BEGIN INFORMATION SUPPLIED

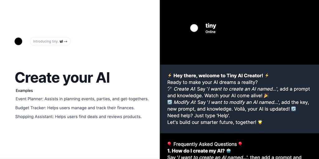 Super fun simple tool to create your own AI – just write 'I want to create an AI named...', add a prompt and knowledge. Watch your AI come alive! Give it a try its great!
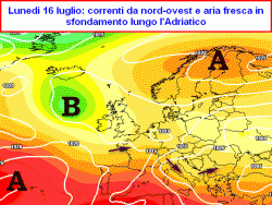 lunedì 16 luglio: instabile su nord-est, medio Adriatico, poi anche Molise e nord Puglia, rovesci sulle zone interne del centro, poi sulla Basilicata e l’Irpinia. Schiarite altrove, ventilato, fresco in arrivo quasi ovunque.
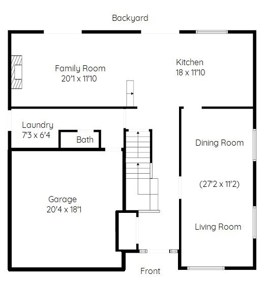 Living Room/Dining Room 27′ 2″ X 11′ 2″
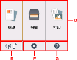可以从LCD屏幕的主页屏幕上选择功能,如复印或扫描。

END INFORMATION SUPPLIED

[DIRECTIONS] Could you write out exactly the lines of the data above that run from the one holding "lunedì 16 luglio: instabile" to the one holding "Living Room/Dining Room 27′ 2″ X 11′ 2″", with both ends in and all pictures out?

[WRITTEN SOLUTION]
 lunedì 16 luglio: instabile su nord-est, medio Adriatico, poi anche Molise e nord Puglia, rovesci sulle zone interne del centro, poi sulla Basilicata e l’Irpinia. Schiarite altrove, ventilato, fresco in arrivo quasi ovunque.
 Living Room/Dining Room 27′ 2″ X 11′ 2″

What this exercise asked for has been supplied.